Apple clearly demonstrated the fundamental functionality of their Watch and
the hardware does determine the software — they have a hardware button
dedicated to one particular feature ffs. Any additional functionality via
WatchKit will at best be supplemental. It'd take a while for iOS developers to
get to grips with the new paradigm.

Furthermore, in his haste to differentiate Apple from the competition

> My impression of Android Wear is that it’s best thought of as a wrist-worn
> terminal for your Android phone and for Google’s cloud-based services. An
> extension for your phone, not a sibling device. Android Wear devices are
> almost useless other than for telling time when out of Bluetooth range from
> your phone. I don’t think that’s a device that many people want; it’s a
> solution in search of a problem.
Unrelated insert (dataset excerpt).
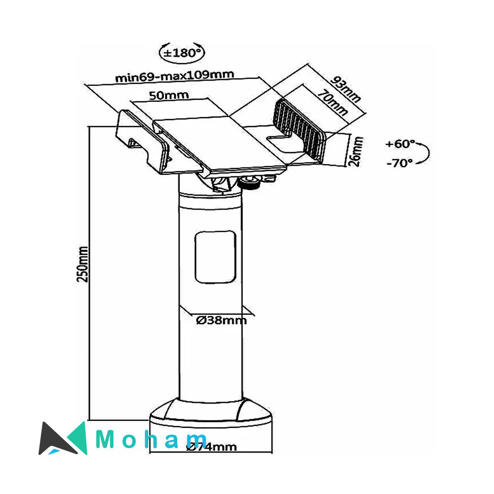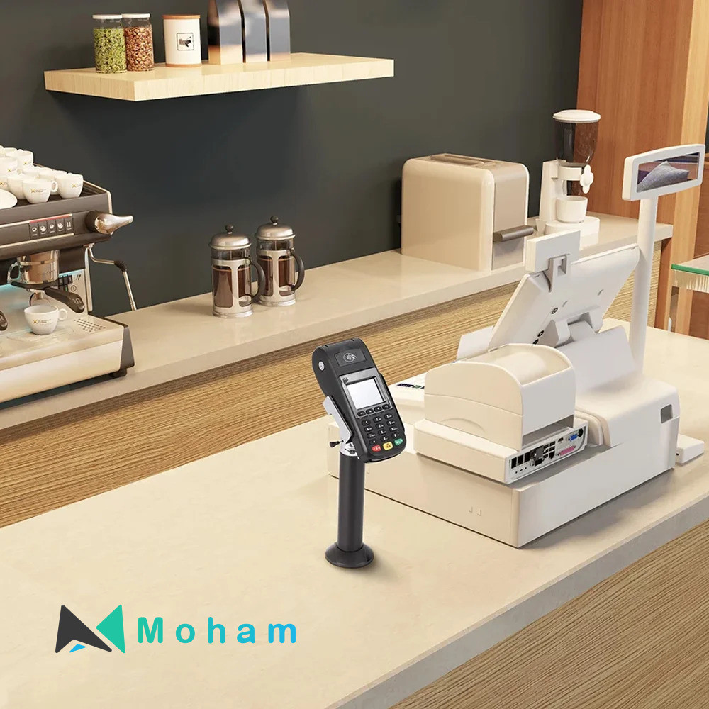 The SH 004PS offers an adjustable width that accommodates most popular point of sale terminals and ample vertical and horizontal movement to accommodate any customer needs. Installs quickly using the included 3M type adhesive tape or can be permanently installed to any surface via a drilled hole and bolt mount. Internal cable management protects data and wire from harm, damage, and theft.

Call me biased if you want, but I think
> Android Wear is simply the result of the rest of the industry trying to get
> out in front of Apple, out of fear of how far behind they were when the
> iPhone dropped in 2007. On the surface, they do look like the same basic
> thing: small color LCD touchscreens on your wrist. But all Android Wear
> devices are larger and clunkier than the larger 42mm Apple Watch, and none
> of them are even close to the smaller 38mm one. Is there anyone who would
> dispute that Apple Watch is far more appealing to women than any other
> smartwatch on the market?

The new Sony Smart watch(1) already has more functionality (gps, waterproof,
longer estimated battery, transreflective screen visible in sunlight) than the
specs of the AppleWatch while the Asus ZenWatch(2) matches it in feminine
looks (if not in expensive materials). Both will be out before the AppleWatch
and likely for lower prices than the cheap entry-level AppleWatch. AndroidWear
OEMs are iterating faster with a wider range of options. Gruber is comparing
actual shipping products (Moto360) to promised unreleased products from Apple,
indeed he's hoping Apple exceeds their promises. That's his bias showing

(1) [http://www.sonymobile.com/global-
en/products/smartwear/smart...](http://www.sonymobile.com/global-
en/products/smartwear/smartwatch-3-swr50/) (2)
[http://www.asus.com/Phones/ASUS_ZenWatch_WI500Q/](http://www.asus.com/Phones/ASUS_ZenWatch_WI500Q/)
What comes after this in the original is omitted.